Economic Nexus and FDI
DQ1.
According to “2. Foreign Direct Investment and Foreign Portfolio Investment: Theory,” 2008). Nexus, also known in some quarters as “sufficient physical presence’, is a legal term that relays the requirements for organizations carrying out business in a state to collect and pay tax on the total to the state in which they have a physical presence. Before the rise of commerce due to technological advancement, nexus was a straightforward concept that required organizations to have a physical address. Online retailing has compelled the state government to come up with new innovative ways to collect sales and income taxes from companies that conduct business virtually. To circumvent the shortcomings of the traditional approach to nexus, many states are embracing the ‘economic nexus’, which emphasizes financial dealings in a given state above physical presence.
My home State, South Carolina, should enact an economic nexus threshold that omits companies who do very little business in their home state from taxation. This will reduce the burden on small business entities.

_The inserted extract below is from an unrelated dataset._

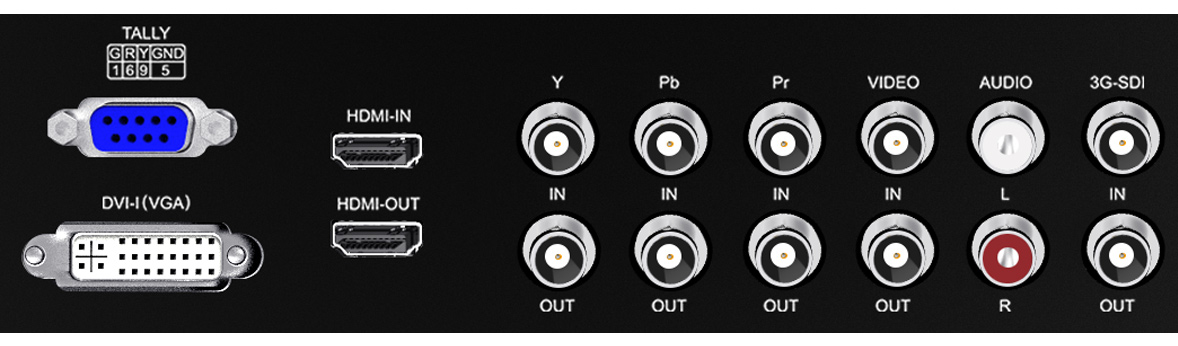 3G-SDI, HDMI, YPbPr, Video, Stereo Headphone, Internal Speaker
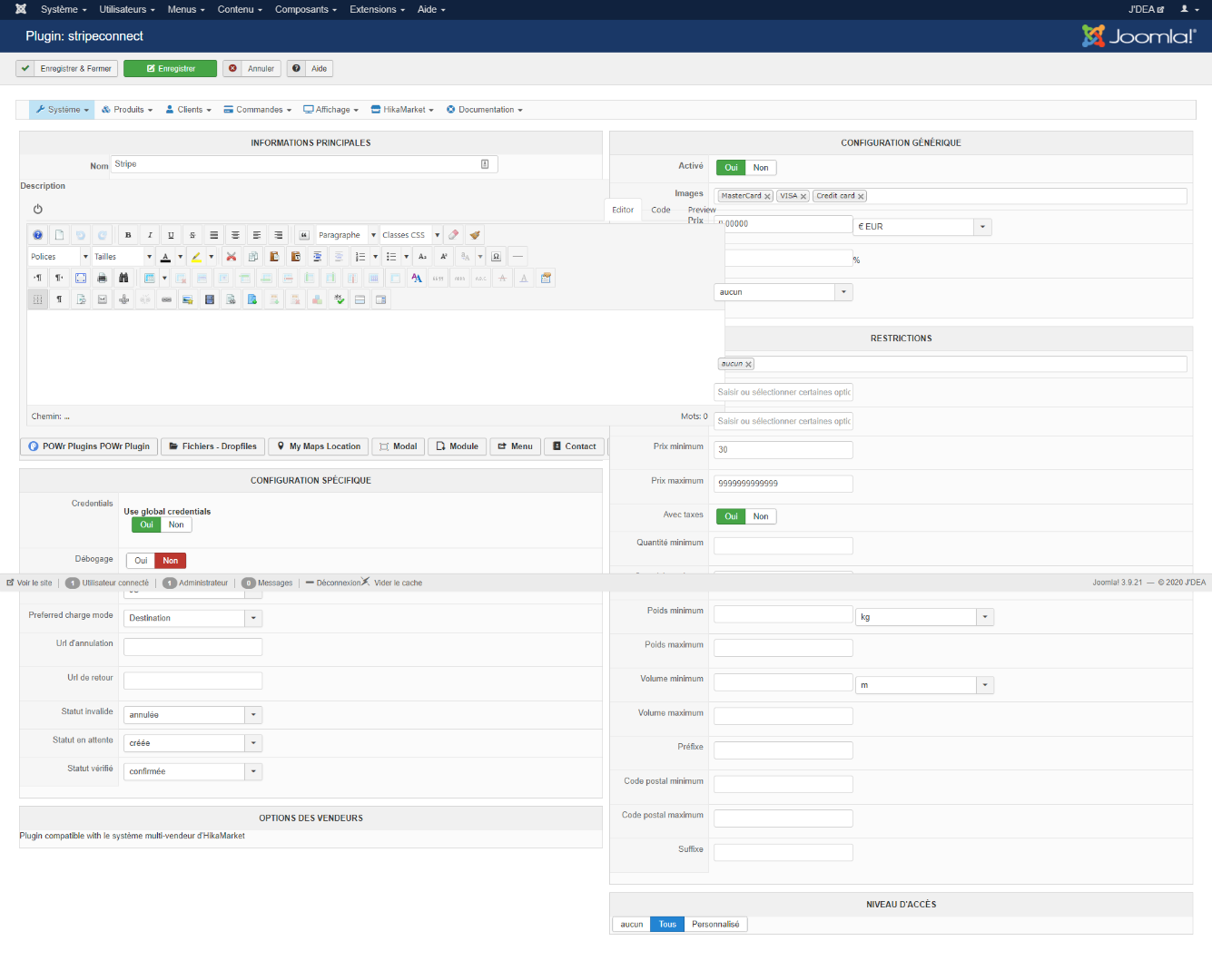 3- Vous indiquez "La connection se fait via la page d'édition du vendeur (et le plugin "hikamarket / stripeconnect")." Or je ne vois aucun paramètre au sein de la page du vendeur relatif à Stripe. Le plugin "HikaMarket - StripeConnect integration" est bien activé.

Many small business entities face an uphill task in ensuring tax compliance owing to the large number of states they have to remit taxes in, a myriad of tax rates to keep straight, various tax policies to monitor, and numerous tax deadlines to meet. In many instances, many SMEs are forced to hire accountants and other tax experts, and this requires substantial spending. In most scenarios, such businesses, especially e-commerce startups, ultimately run out of business.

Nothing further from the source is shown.